Io spalancai gli occhi, Sofia abbozzò un sorriso, le bionde
girarono la testa incuriosite.
Devo specificare che Alice e Candida hanno veramente i
capelli biondi, quindi se facciamo riferimento alle “bionde”, non è uno dei
soliti scherzi, parliamo di loro per forza. Sofia, invece, ha i capelli castani
tendenti al rosso, Claudia è castana con una sfumatura scura.
Anche nel colore degli occhi c’è molta varietà. Sofia e
Candida hanno occhi azzurri, Alice verdi e Claudia marroni.
Ho già raccontato del mio più grande problema in università.

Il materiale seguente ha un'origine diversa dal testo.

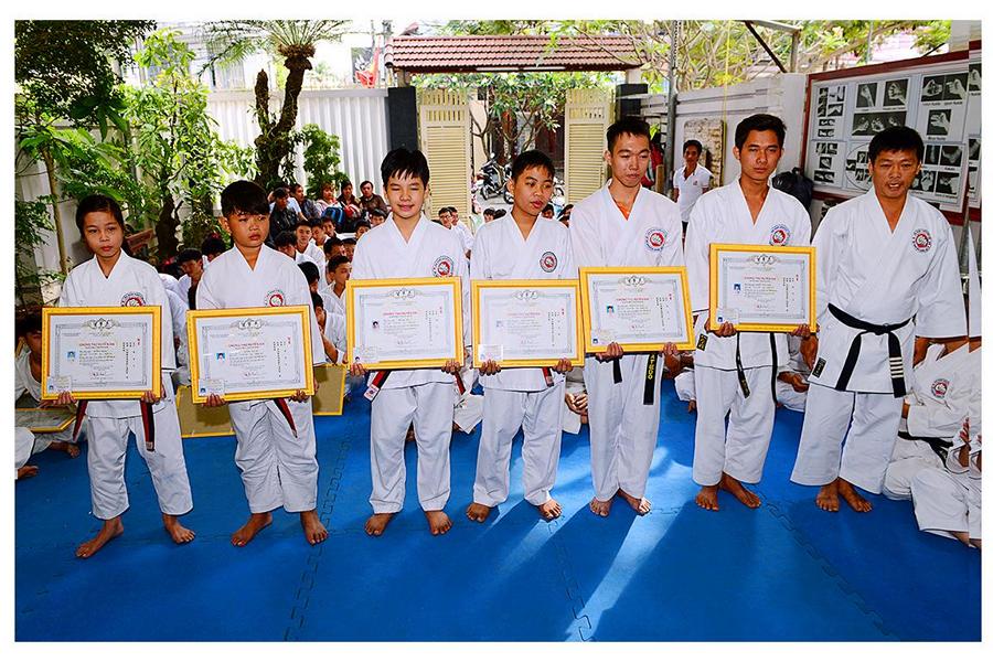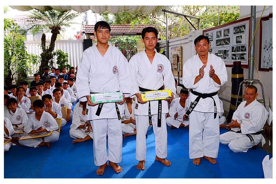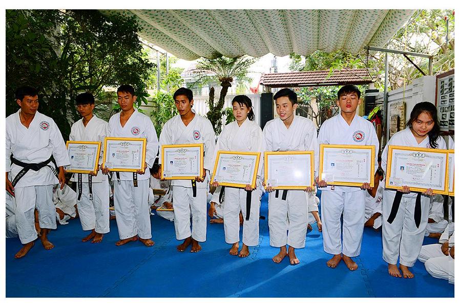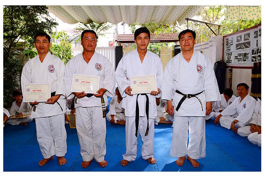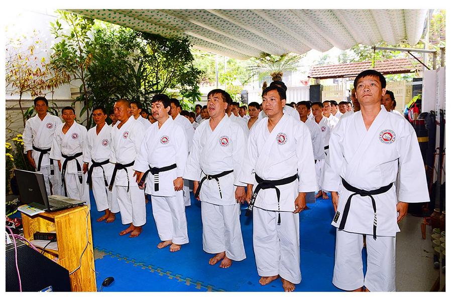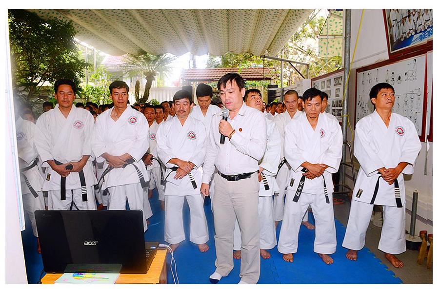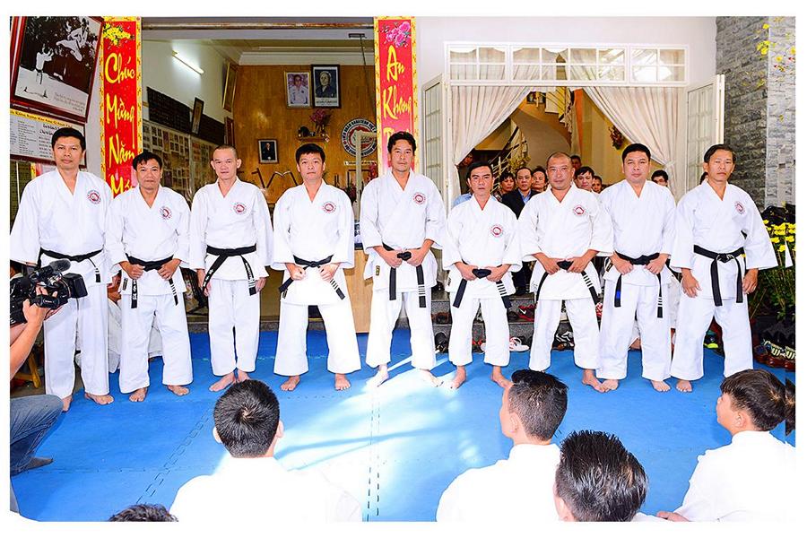 Võ sư Nguyễn Phúc Vinh – Phó Chủ tịch Hội, thay mặt Thầy giới thiệu đại diện các môn sinh các Khóa Karatedo tiêu biểu của Khánh Hòa từ Khóa 1 (năm 1984) đến Khóa 12 (năm 1994), giới thiệu các thành viên Ban Chấp Hành Hội, các Chi Hội và Bộ môn trực thuộc Hội Karatedo Khánh Hòa, đọc báo cáo kết quả hoạt động năm 2015, phương hướng năm 2016. Tiếp tục chương trình là đến phần phát Chứng thư huyền đai và thẻ đai đen cho 29 môn sinh vừa được chấm đậu trong kì thi lên Huyền đai đệ nhất đẳng năm 2015. Thủ khoa và 2 Á khoa cũng được nhận quà của Hội.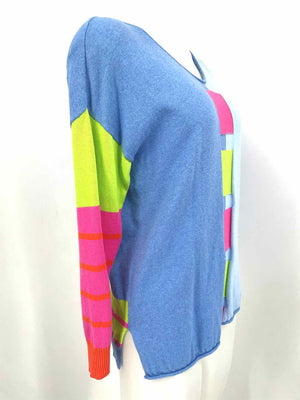 ZAKET & PLOVER Blue Pink Multi Knit Print Longsleeve Size SMALL (S) Sweater

Il mio secondo più grande problema è
di non aver trovato delle semplici amiche, ma di essere finita in un gruppetto
di fotomodelle. Sono anche mie amiche, ovvio, ma tutt’e quattro sono belle in
maniera imbarazzante. Candida potrebbe fare la modella, alta com’è, bionda e
con gli occhi azzurri, Alice è meno vistosa ma è incantevole, Sofia è alta
quanto Candida, è snella e ha un sorriso fulminante – oltre che un’intelligenza
straordinaria – Claudia è molto bella, la tipica ragazza mediterranea. Manca
qualcuno? In effetti sì. Infine ci sono io, il brutto anatroccolo della
situazione.
In un gruppetto di ragazze bruttine potrei anche fare la mia
figura, ma con loro sono rassegnata ad essere l’amica meno popolare, come
dicono gli americani. Però sono simpatiche, gentili, mi prendono per come sono
e per questo voglio loro molto bene e non cambierei loro quattro per nessun’altra.
Dicevo che Claudia aveva sollevato un sopracciglio.
«Allora, come sta Agenore?» ripetei.